Dose adjustment is not required. Given the low systemic absorption of retapamulin after topical application of the drug, it is unlikely that systemic concentrations will reach clinically significant levels in renal impairment.

Pediatric Use

The safety and efficacy of retapamulin ointment in children under 9 months of age have not been studied.

Geriatric Use

Dose adjustment is not required.

Special Precautions

In case of an allergic reaction or severe local irritation after application of retapamulin ointment, treatment should be discontinued, the remaining ointment should be removed from the skin, and alternative treatment for the existing infection should be prescribed.

Do not apply to the eyes; Retapamulin has not been studied in ophthalmological practice.

Do not apply to mucous membranes; the efficacy and safety of applying retapamulin to mucous membranes have not been studied. Cases of epistaxis have been reported when retapamulin was applied to the nasal mucosa.

Do not take orally.

As with other antibiotics, prolonged use of retapamulin ointment may lead to the overgrowth of non-susceptible microorganisms, including fungi.

Effect on ability to drive vehicles and operate machinery

The drug does not affect the ability to drive vehicles and operate machinery.

Overdose

Symptoms

No cases of retapamulin overdose are known.

Treatment

Symptomatic treatment is indicated in the presence of any symptoms of overdose from topical application or accidental ingestion.

There is no specific antidote for the drug.

Drug Interactions

Clinically significant drug interactions in adults are unknown.

No studies on drug interactions in children have been conducted.
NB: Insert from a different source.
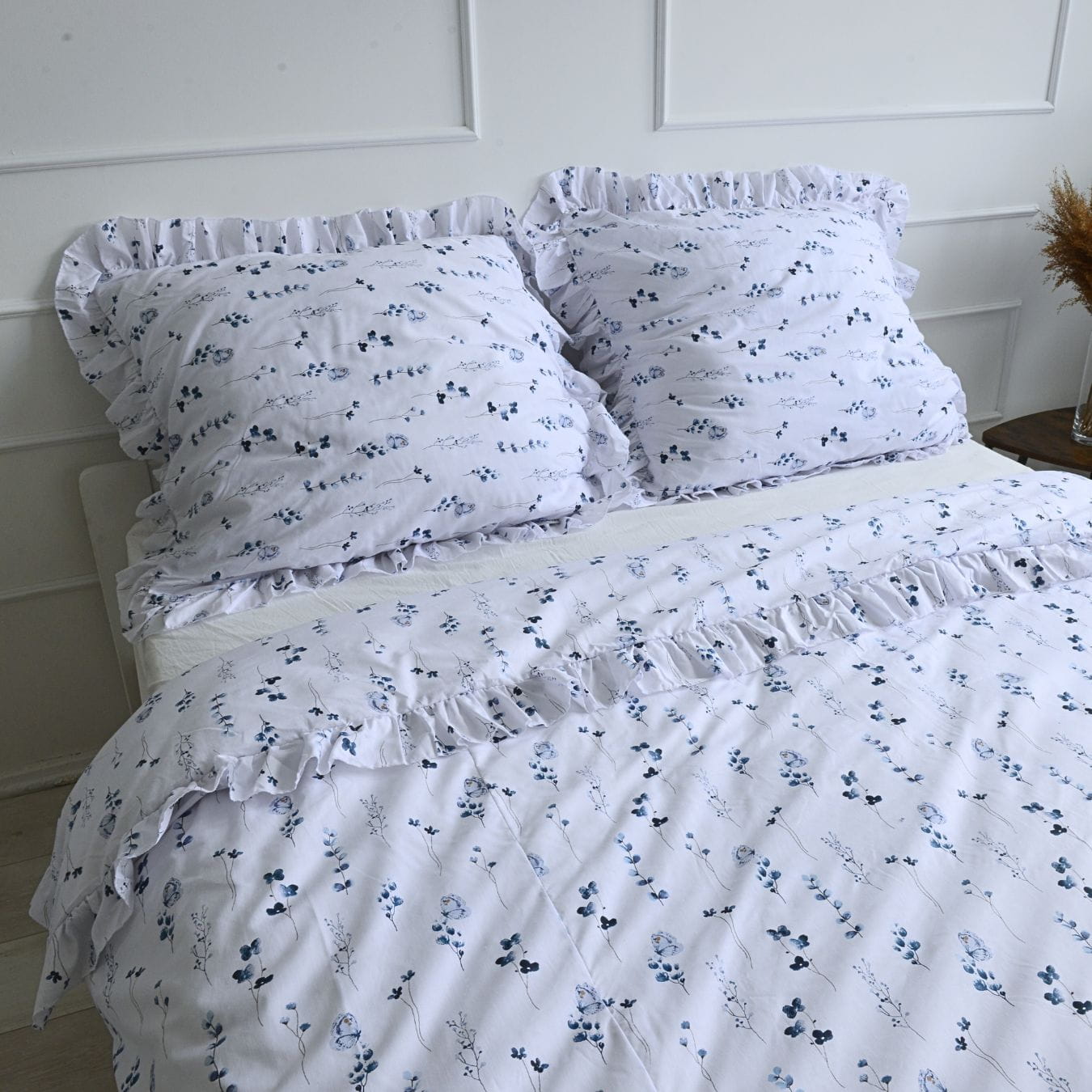 Cotton pillowcase with a frill made of the highest quality cotton material with the Oeko-Tex 1000 certificate.The pillowcase is closed with bow. In addition, it has a sewn-in strip, thanks to which it will be easy to hide the bedding and will not protrude during use.

Increased systemic absorption of retapamulin has been observed in children under 2 years of age.

Concomitant use of retapamulin and other topical agents on the same area of skin has not been studied and is not recommended.

Storage Conditions

Store at a temperature not exceeding 30°C (86°F). Keep out of reach of children.

Shelf Life

Shelf life – 2 years.

Dispensing Status

By prescription.

Important Safety Information

This information is for educational purposes only and does not replace professional medical advice. Always consult your doctor before use. Dosage and side effects may vary. Use only as prescribed.